In the fourteenth century, the castle was ruled by the powerful Upper Hungarian magnate Matthew Csák, and after his fall in 1321, the zupan Donch. Since 1340 it was the seat of the Liptov zupans. At the end of the fourteenth century, the castle was briefly occupied by the Moravian margrave Prokop, from whose hands it was recaptured by the army of Sigismund of Luxemburg. During these fights, the magnate Imrich Perényi was to be wounded in the leg with a spear. Then the castle was still in the hands of the royal zupans, until 1430, when Sigismund donated Liptov to his wife Barbara.
In the years 1431-1434 the castle was under the control of the Hussites. During their removal, it was destroyed, as mentioned in documents from 1440 – 1441. From 1453 it was in the possession of Pongrác of Svaty Mikuláš, who rebuilt it and enlarged it by the eastern ward. In 1458, for merits in the fights with the post-Hussite rebels, Liptov was obtained by Sebastian of Rozhanovice, and after him, since 1459, it was ruled by the Polish magnate Piotr Komorowski, who favored the Jagiellonians in their attempts to gain the Hungarian throne. After the unsuccessful expedition in 1471 of the young Kazimierz Jagiellończyk for the Hungarian crown, Matthias Corvinus forced Komorowski to hand over the castle, which he ordered to burn and demolish in 1474.
The castle stood on a rocky hill, falling on two sides with vertical rock walls, and on two falling very steep slopes. Placed at an altitude of 1000 meters above sea level it was the highest placed castle in today’s Slovakia.
The original castle consisted of a residential building and an irregular perimeter of the defensive walls. Perhaps the northern part of the building had the form of a square tower, but its existence in newer literature is questioned, and the square part is considered only as a separate room of the residential building. This would be indicated by the same thickness of the wall as in the rest of the building, although some wooden or half-timbered superstructure of this part cannot be ruled out, as it was the highest place of the castle. The wall on the north-west side had an unusual thickness of up to 4 meters. It secured the castle from the access road, creating the so-called shield wall, protecting the inside of the castle from missles. A miniature courtyard was located in front of the building, housing a rainwater tank (it was not possible to dig a well at such a high altitude), followed by a larger economic ward. The original entrance gate was unusually located in the south-west part of the building, but before the mid-fourteenth century it was moved near the new quadrilateral tower on the south side. Inside tower, a second rainwater tank was placed.
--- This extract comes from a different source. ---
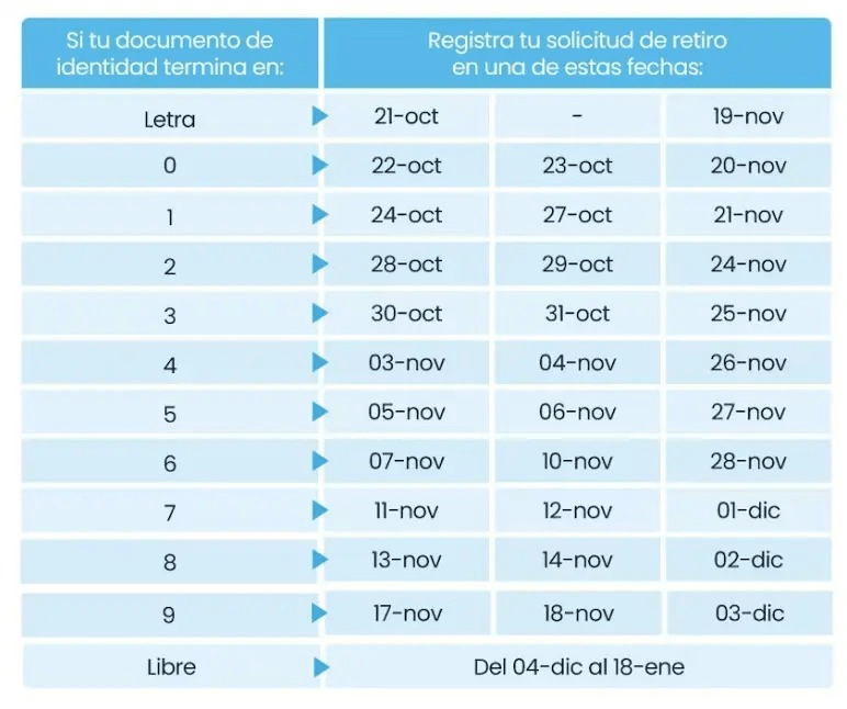 Además, el cronograma contempla un periodo libre, durante el cual cualquier afiliado podrá realizar su solicitud, sin importar el número de su documento. Este periodo irá del jueves 4 de diciembre de 2025 al viernes 16 de enero de 2026, último día hábil para tramitar el retiro de fondos.

At the end of the 14th century, the eastern outer bailey was fortified with a stone wall, although this part was probably earlier protected by timber fortifications. Perhaps the new wall was reinforced with a four-sided, corner tower on the north side. The first gate was moved to the north-west side of the four-sided tower with rainwater, from where, after passing the drawbridge and reaching the eastern courtyard of the outer ward, the road turned to the middle and upper castle, through a rock carved ditch and a wooden bridge placed over it. In the eastern bailey there was certainly a lighter, wooden or half-timbered economic buildings, among others traces of the forge’s functioning were found there. In the mid-fifteenth century, a low wall was built forming another courtyard in the lower, eastern part of the castle.